Selecting the right surgeon is a big deal

Workers' Compensation was designed to provide the best available medical treatment possible. A good surgical results benefits all stakeholders. The patient has a better outcome, the employer gains an employee who is productive in the workplace, and the insurance company ultimately pays less indemnification by way of permanent disability and a reduced cost for medical follow up care.

Over the decades since its original enactment 1911, the issue of cost of medical care has come to the forefront. Some states, such as New Jersey, prohibit an employee's free selection of a medical provider. Additionally, some employers and their insurance companies have contractually negotiated a best price fee with medical providers and have an established medical care networks, consequently restricting the employee's free selection.

A recent article authored by Peter Scardino is the chief of surgery at Memorial Sloan Kettering Cancer Center (MSK) focuses on the need to select the best surgeon in order to obtain the best outcome.

“You can think of surgery as not really that different than golf.” Peter Scardino is the chief of surgery at Memorial Sloan Kettering Cancer Center (MSK). He has performed more than 4,000 open radical prostatectomies. “Very good athletes and intelligent people can be wildly different in their ability to drive or chip or putt. I think the same thing’s true in the operating room.”

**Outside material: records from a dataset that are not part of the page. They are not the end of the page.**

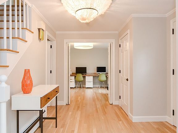 This beautifully expanded and enhanced garrison colonial offers a harmonious blend of traditional charm and modern convenience. At the heart of the home lies an inviting living and entertainment area, featuring a stunning, well-appointed kitchen, an open dining and family area, a versatile home workspace, and a spacious 3-season porch and deck that overlook the private backyard. A welcoming front hall leads to the elegant formal living room, where a cozy fireplace adds a touch of warmth and sophistication. Additional fireplaces are found in the family room and lower-level recreation room, creating more inviting spaces. The home is thoughtfully designed to accommodate a variety of interests and hobbies, with ample storage options that include 3 garage bays and expansive attic space. Upstairs, the primary bedroom boasts an adjoining dressing room for added luxury, while 3 generously sized and bright bedrooms share a large full bath. A wonderful place to call home.
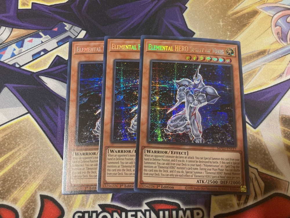 Elemental HERO Spirit of Neos MP23-EN117 1st Prismatic Secret Rare NM Yugioh x3 Elemental HERO Spirit of Neos MP23-EN117 1st x3 Prismatic Secret Rare Cards Cards are in NM Condition Shipped in Top Loader and Sleeve Please Contact me if there is anything wrong with your order or shipping before leaving feedback. Please give me a chance to fix the problem. Thanks! Please pay within 3 days of winning an auction! I will only ship to Canada and the United States Combined shipping, highest shipping price plus $0.50 per each additional item won All orders over $100 will require tracking. Please wait for an invoice before paying in this case. For orders within Canada this will cost $12 and for orders going to the United States this will cost $15 Card Grading Legend M - Mint NM - Near Mint LP - Lightly Played MP - Moderately Played HP- Heavily Played DMG - Damaged _gsrx_vers_1608 (GS 9.5 (1608))
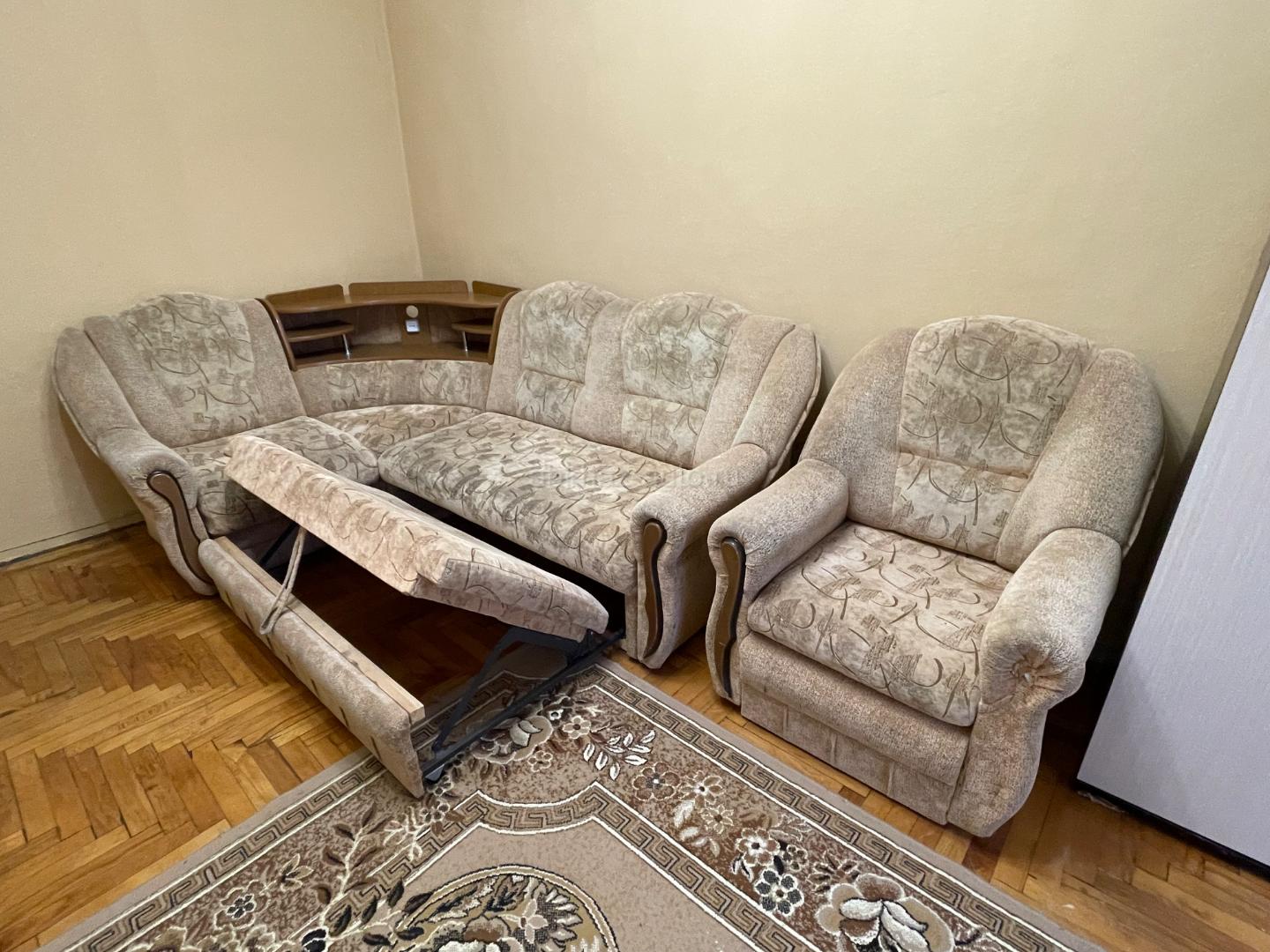 Дополнительная информация: Угловой диван с креслом, раскладной, двухспальный. Не новый, б/у, дополнительно скину видео обзор. На фото все видно! Звоните, пишите на WhatsApp (диван находится в Агудзере)

The difference is that golfers keep score. Andrew Vickers, a biostatistician at MSK, would hear cancer surgeons at the hospital having heated debates about, say, how often they took out a patient’s whole kidney versus just a part of it. “Wait a minute,” he remembers thinking. “Don’t you know this?”

“How come they didn’t know this already?”

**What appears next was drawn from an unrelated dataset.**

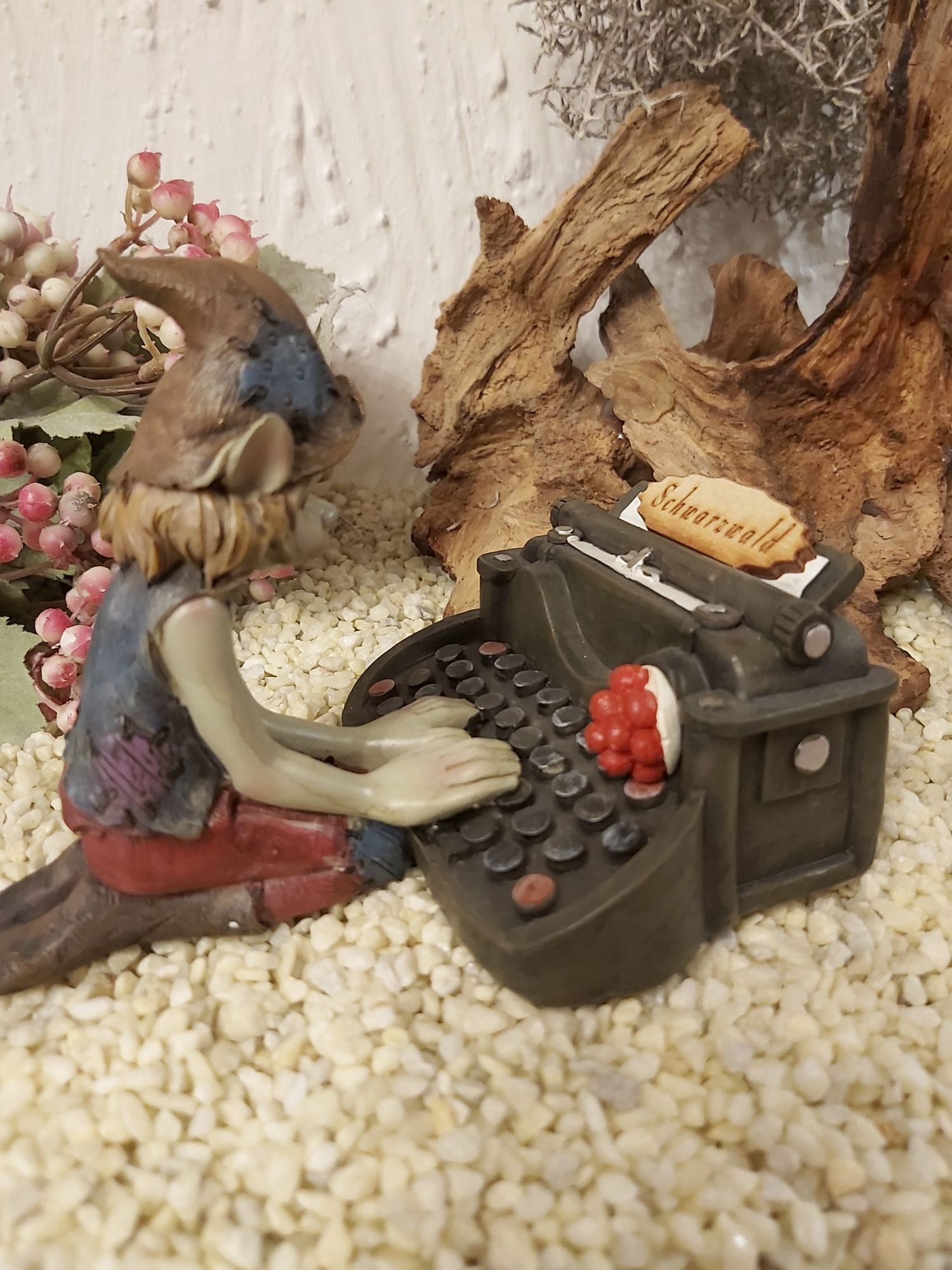 Mit Schreibmaschine, Holzschild-Schwarzwald und Bollenhut

In the summer of 2009, he and Scardino teamed up to begin work on a software project, called Amplio (from the Latin for “to improve”), to give surgeons detailed feedback about their performance. The program—still in its early stages but already starting to be shared with other hospitals — started with a simple premise: the only way a surgeon is going to get better is if he knows where he stands.

Vickers likes to put it this way. His brother-in-law is a bond salesman, and you can ask him, How’d you do last week?, and he’ll tell you not just his own numbers, but the numbers for his whole group.

Why should it be any different when lives are in the balance?